Bedouine released her first self-titled full-length album in 2017. The record includes sounds from her memories of her grandmother's home in Syria, specifically on "Summer Cold" and a song written in Armenian "Louise" (which translates to "light” and is written as Լոյս in Armenian). In an interview with Sound of Boston, Korkejian discussed writing the song in Western Armenian, the dialect her family speaks: “I was pretty shy about it because, like I said, my Armenian is kind of broken. But, I ran it by my cousin and kind of had his green light, and I got to a point where I just thought, even if it’s not perfect it’s okay because it’s still my experience.”

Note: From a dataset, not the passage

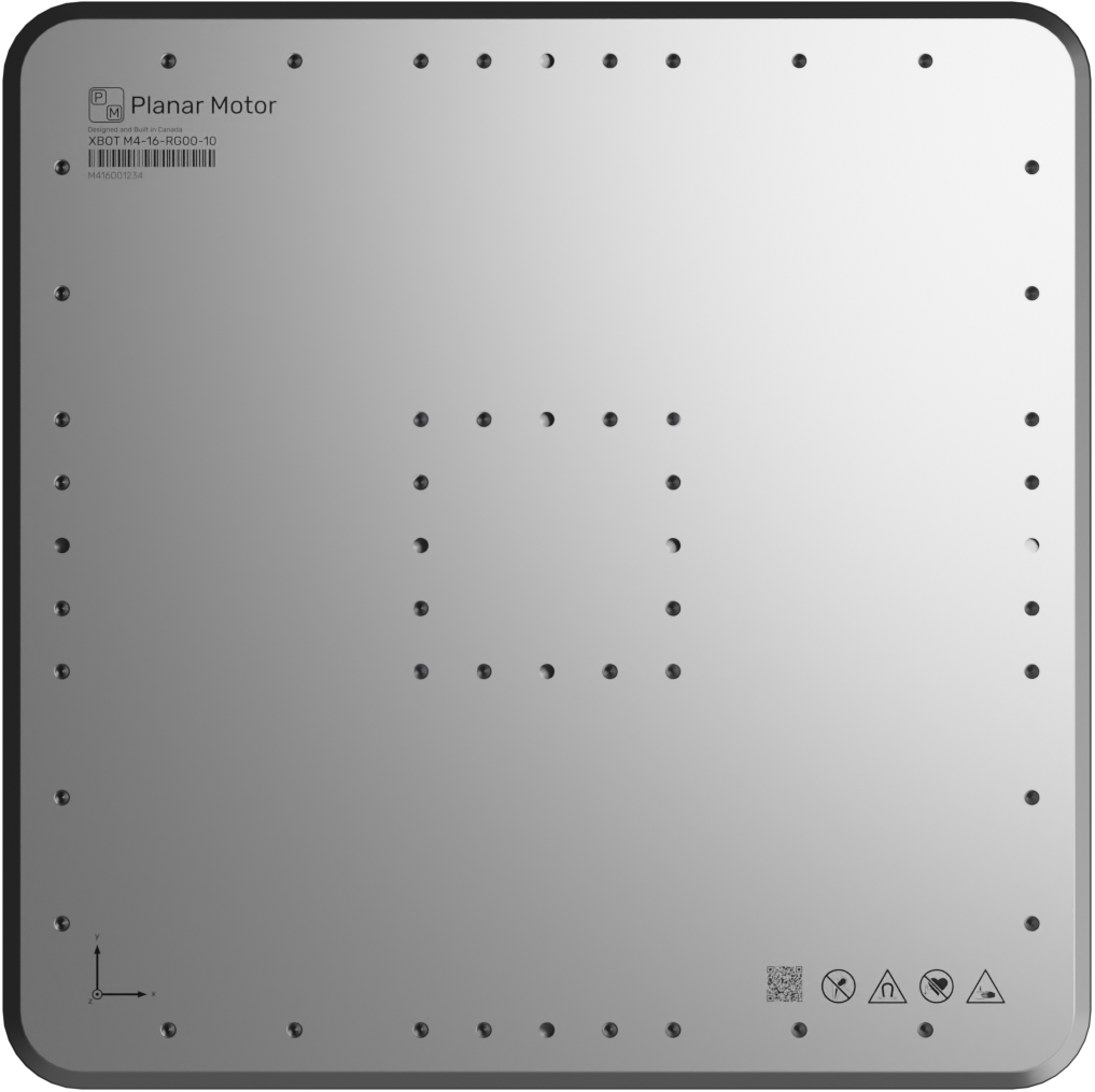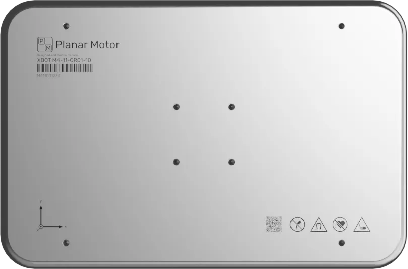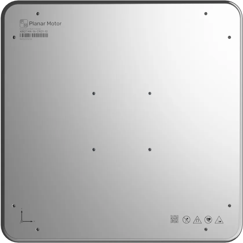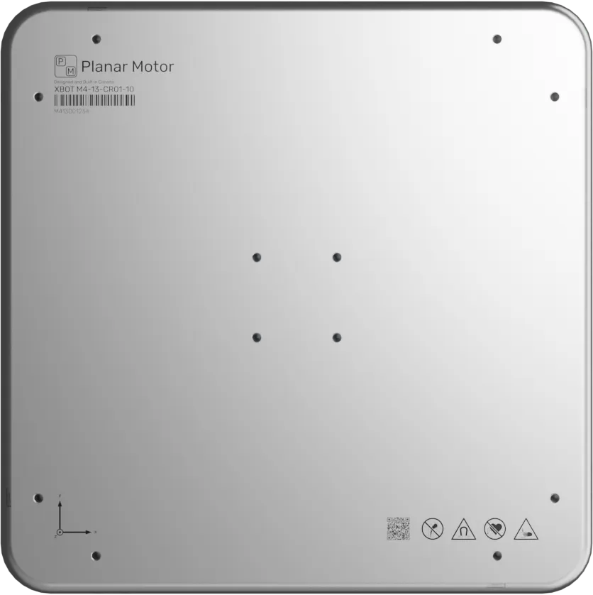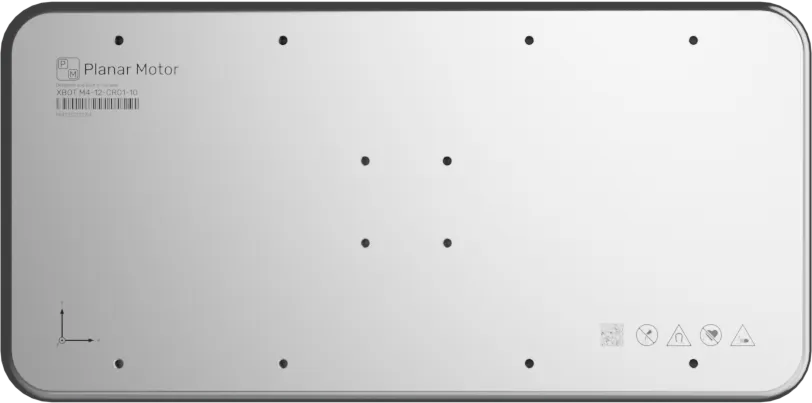 XBots (movers) are magnetically levitated above the surface of Flyways. They rely on incredibly strong directional permanent magnets which focus the magnetic field beneath them and minimize it above the XBot, creating a safe mounting surface for products and accessories. With multiple threaded mounting holes and dowel pin locations, there are many possibilities for fixturing. M4 XBots are available in sizes starting at 160mm x 160mm and larger.

The album art of her debut album features a photograph taken of Bedouine on the black-and-white tiled floor of the console room outside Gus Seyffert's studio, where she recorded the album.

Bird Songs of a Killjoy 
In March 2019, Bedouine announced her second full-length album, Bird Songs of a Killjoy, which was released June 21, 2019. Her second record is influenced by her own wanderlust, displacement, and curiosity. It is a soundtrack to Spring blossom, to warm air on skin, to the concept of possibility. The twelve songs on Bird Songs of a Killjoy contain several references to birds, which initially panicked Azniv. “Oh no! What a cliché!” she recalls. "But I have to step back and take a breath. These songs are just where I landed, and that's OK." The album is produced by Gus Seyffert (Beck, Norah Jones).

Waysides 
Bedouine released her third full-length album, Waysides on October 22, 2021. The album was announced August 18, 2021 with the single "The Wave", which was written about the death of Bedouine's close friend and her resulting grief.
Korkejian did not write new material for the album, instead she selected and finished tracks from among her old demos, the oldest dating back 15 years, the newest from 2017. She’s described the process as “like spring cleaning, letting go to start anew”. All tracks were produced either by the singer herself or Gus Seyffert, who worked on both Bedouine and Bird Songs of a Killjoy.

Tours
Headline tours
 US Tour (Fall 2019)
 UK/EU Tour (Fall 2019)

Support tours
 Fleet Foxes (US Tour, Summer 2017)
 Matthew E. White (UK Tour, Fall 2017)
 Michael Kiwanuka (UK Tour, Fall 2017)
 José González (US Tour, Winter 2018)
 Real Estate (US Tour, Winter 2018)
 Waxahatchee / Hurray For The Riff Raff (US Tour, Spring 2018)
 Kevin Morby (US Tour, Summer 2018)
 Bahamas (US Tour, Fall 2018)
 Father John Misty (UK/EU Tour, Fall 2018)
 José González (EU Tour, Summer 2019)

Festivals
 Best Kept Secret (2018)
 Clandestino (2018)
 Likeminds (2018)
 Nelsonville Music Festival (2018)
 Newport Folk Festival (2018)
 Pickathon (2018)
 Waking Windows (2018)
 WOMAD (Australia) (2018)
 Calgary Folk Music Festival (2019)
 Huichica Music Festival (2019)

Discography
Studio albums
 Bedouine (2017, Spacebomb Records)
 Bird Songs of a Killjoy (2019, Spacebomb Records)
 Waysides (2021, Self-released)

Singles
 "Come Down In Time" (2018, Spacebomb Records)
 "The Hum" (2020, Spacebomb Records)
 "All My Trials" (2020, Mexican Summer)
 "Thirteen" (2020, Spacebomb Records)

References

Syrian musicians
American people of Syrian descent
21st-century American musicians
People from Aleppo
Spacebomb Records artists
Year of birth missing (living people)
Place of birth missing (living people)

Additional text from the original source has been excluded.